Our morning excursion for our first full day in the Scottish Highlands took us to Culloden, scene of the last armed civil conflict on the British mainland when ‘Bonnie’ Prince Charlie’s Jacobite army was defeated on Culloden Moor in 1746 by Hanoverian regiments commanded by the Duke of Cumberland, son of the second Hanoverian monarch, George II. The latter dynasty had taken over from the Stuarts in 1714 following the death of the last of the Stuart line, Queen Anne, whose children had all predeceased her. In essence, the conflict was between a Protestant regime and a Catholic claimant and as such was part of a global power struggle.
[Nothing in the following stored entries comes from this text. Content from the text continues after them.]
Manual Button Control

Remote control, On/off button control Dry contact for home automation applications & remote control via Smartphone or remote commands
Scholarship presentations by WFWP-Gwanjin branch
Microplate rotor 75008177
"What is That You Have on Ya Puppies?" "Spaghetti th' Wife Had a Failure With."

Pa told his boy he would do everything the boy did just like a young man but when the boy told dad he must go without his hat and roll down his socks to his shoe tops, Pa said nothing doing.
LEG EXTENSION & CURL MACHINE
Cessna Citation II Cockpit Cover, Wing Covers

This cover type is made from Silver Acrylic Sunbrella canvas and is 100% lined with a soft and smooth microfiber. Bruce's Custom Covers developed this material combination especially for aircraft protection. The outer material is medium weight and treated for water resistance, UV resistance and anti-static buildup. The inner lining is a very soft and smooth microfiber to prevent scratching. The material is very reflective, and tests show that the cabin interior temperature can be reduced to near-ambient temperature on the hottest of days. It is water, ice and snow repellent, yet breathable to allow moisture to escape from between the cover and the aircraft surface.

The conflict was very well described at the National Trust for Scotland’s interpretative centre with an immersive film that vividly recreated the horrors of an eighteenth-century field battle. For the future history of the Highlands the battle of Culloden was a turning point. The aftermath of the battle was vindictive and over the following century the treacherous, Catholic Gael was removed from the land and replaced by more profitable sheep. A stroll around the battlefield was instructive not only for its military significance but on a warm midsummer’s day for the joyous singing of airborne skylarks, the brash golden hues of gorse and broom and shy, retiring purple marsh orchids.
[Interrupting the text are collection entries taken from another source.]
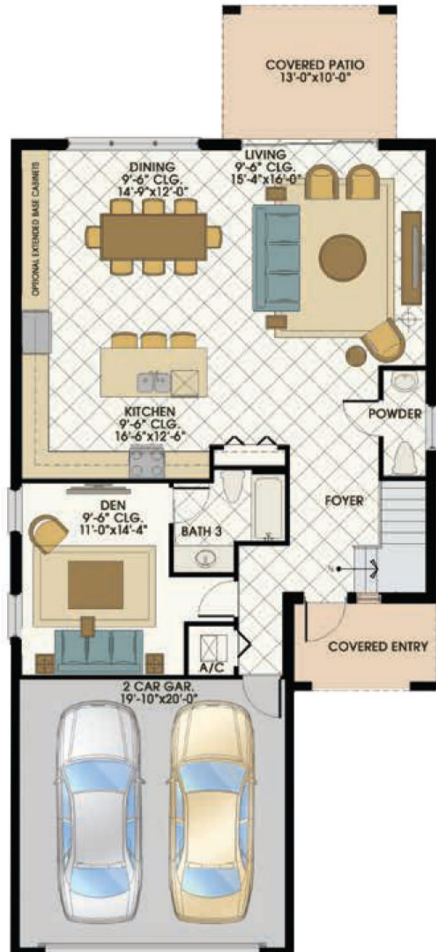
1ST FLOOR PLAN • DEN OPTION
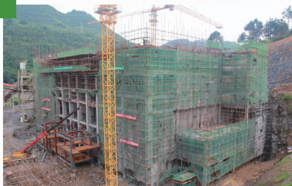
Waste incineration project in Zunyi under construction
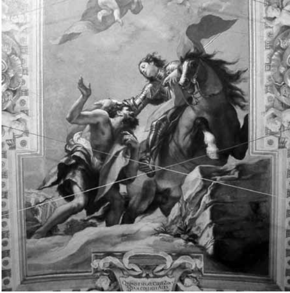
Figure 31: Il Volterrano, San Martino dona il mantello al povero (detail), 1637-42, fresco Palazzo di San Clemente, Florence.

Reproduced in: Riccardo Spinelli, 'Indagini sulle decorazioni secentesche del Casino Guadagni' di San Clemente' a Firenze', Quaderni di Palazzo Te (1996), pp. 36-65.
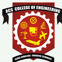
ACS College of Engineering
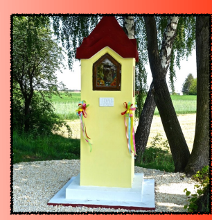
CELEBRATION Everywhere you look you come across a shrine. Even in the most remote places. What's more they are beautifully decorated. Flowers start appearing in May.
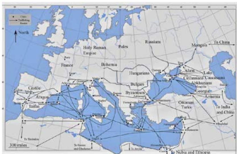
Map 3.1: The Southern Arc from the Twelfth to the Sixteenth Century CE

reclamation of the throne of Constantinople by Greek emperors in 1261, Eurasian slaves began to pour into Genoa, such that by the early fourteenth century they accounted for the majority of Genoese slave imports. 20 In Venice, despite official prohibitions, by the end of the thirteenth century Black Sea slaves were entering Venetian markets for local purchase or trafficked farther beyond into the heart of Italy. 21

From Culloden we continued a short distance to Clava Cairns, three burial chambers and a megalithic circle from the late Neolithic/ early Bronze Age. These monuments are solar in alignment with the westerly sun at the winter solstice shining into the entrance tunnels. The tombs are part of a wider ‘sacred landscape’, a village of the dead in inert stone that would have had its complement in an adjacent village of the living of wicker and daub, the latter not having survived the rigours of the country’s wet Atlantic climate.

A problem with the lock gates at Dochgarroch delayed our departure from Muirtown until after lunch and we did not arrive at Fort Augustus until just before dinner. The weather conditions, however, were perfect for sailing across Loch Ness, the largest body of fresh water on the British mainland. A pair of red-throated divers were spotted to add to the sighting a tree creeper earlier in the day at Clava Cairns, the latter in trees planted to an early nineteenth century landowner who wanted to give the place the appearance of a druidic grove! In the afternoon we had two presentations, on photography and Scottish nature respectively; after dinner we were entertained by a local ceilidh band. We retired after a full but very satisfying day that had illuminated many facets of life in the Scottish Highlands.